Abstract

OBJECTIVE Meningioma consistency, firmness or softness as it relates to resectability, affects the difficulty of surgery and, to some degree, the extent of resection. Preoperative knowledge of tumor consistency would affect preoperative planning and instrumentation. Several methods of prediction have been proposed, but the majority lack objectivity and reproducibility or generalizability to other surgeons.

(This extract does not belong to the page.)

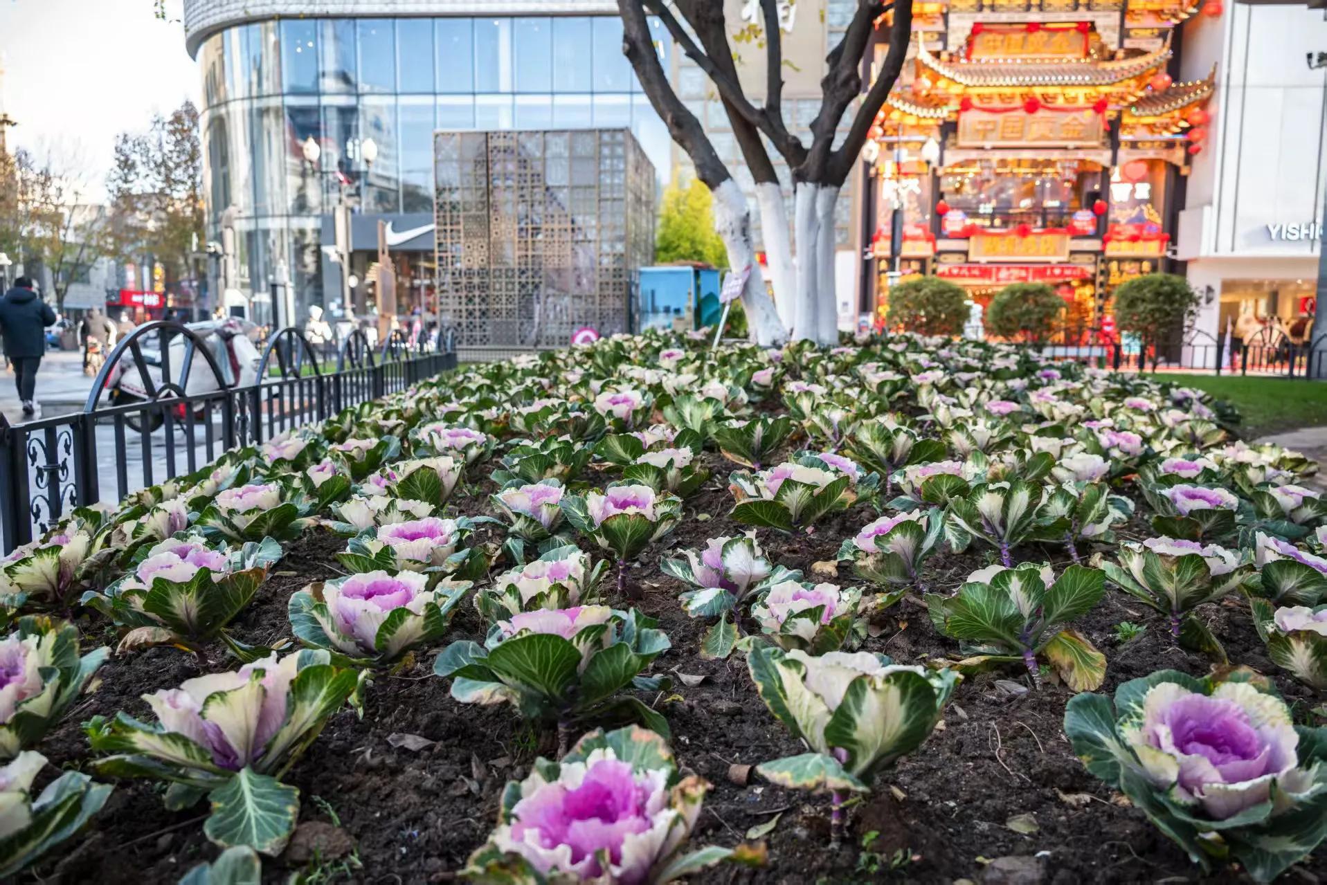 此外,对中山大道、江汉路等交通路口区域的架空管线开展了专项排查,整治管线随意牵搭、松散垮落等问题,进一步净化城市空间视觉秩序,保障公共安全。提升园林景观 扮靓街区颜值园林绿化部门精心开展节日景观布置,着力为市民游客塑造美好的绿化环境。在江汉路商圈,75个精致花箱与近600平方米的花坛地栽已焕然一新,栽植了羽衣甘蓝、角堇、石竹、紫罗兰、金鱼草等多种时令花卉。这些花卉色彩层次丰富,形态错落有致,为热闹的街区增添了自然雅致的节日氛围。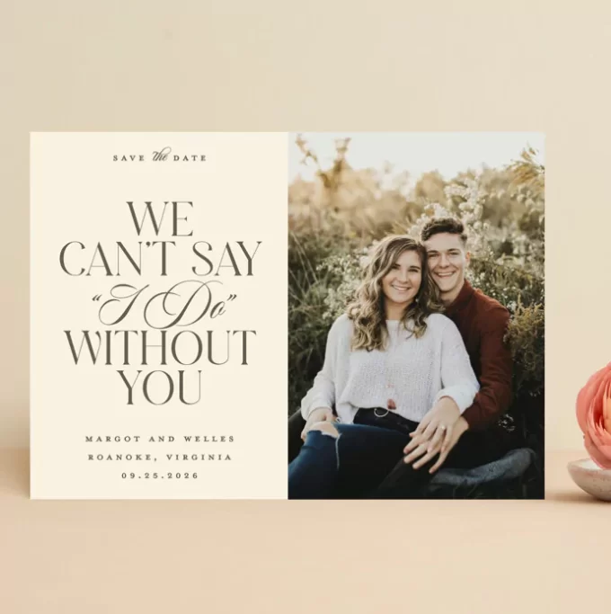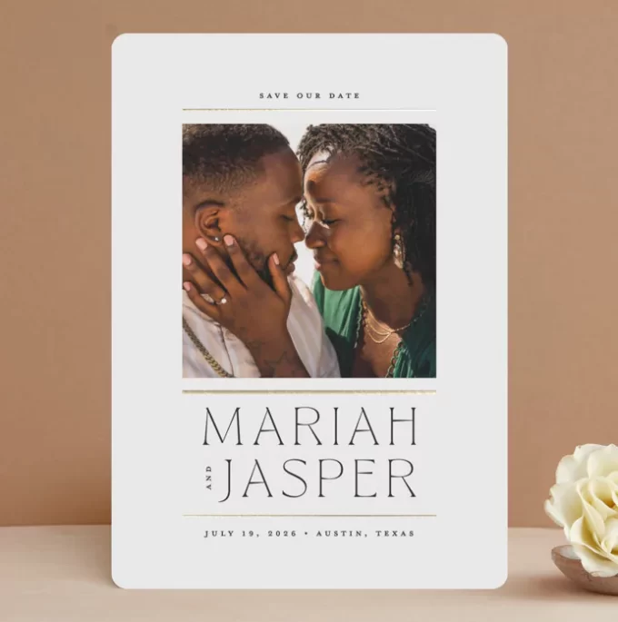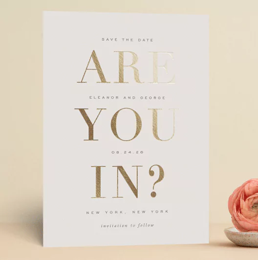 A save the date is a great way to share the news with your guests. They’re also the easiest way to give advance notice to your loved ones to prepare for things like travel, lodging, childcare, time off from work, etc.

In a previous pilot study of 20 patients the authors proposed a new method of prediction based on tumor/cerebellar peduncle T2-weighted imaging intensity (TCTI) ratios in comparison with objective intraoperative findings. In the present study they sought validation of this method. METHODS Magnetic resonance images from 100 consecutive patients undergoing craniotomy for meningioma resection were evaluated preoperatively. During surgery a consistency grade was prospectively applied to lesions by the operating surgeon, as determined by suction and/or cavitron ultrasonic surgical aspirator (CUSA) intensity. Consistency grades were A, soft; B, intermediate; and C, fibrous. Using T2-weighted MRI sequences, TCTI ratios were calculated. Analysis of the TCTI ratios and intraoperative tumor consistency was completed with ANOVA and receiver operating characteristic curves. RESULTS Of the 100 tumors evaluated, 50 were classified as soft, 29 as intermediate, and 21 as firm. The median TCTI ratio for firm tumors was 0.88; for intermediate tumors, 1.5; and for soft tumors, 1.84. One-way ANOVA comparing TCTI ratios for these groups was statistically significant (p < 0.0001). A single cutoff TCTI value of 1.41 for soft versus firm tumors was found to be 81.9% sensitive and 84.8% specific. CONCLUSIONS The authors propose this T2-based method of tumor consistency prediction with correlation to objective intraoperative consistency. This method is quantifiable and reproducible, which expands its usability. Additionally, it places tumor consistency on a graded continuum in a clinically meaningful way that could affect preoperative surgical planning.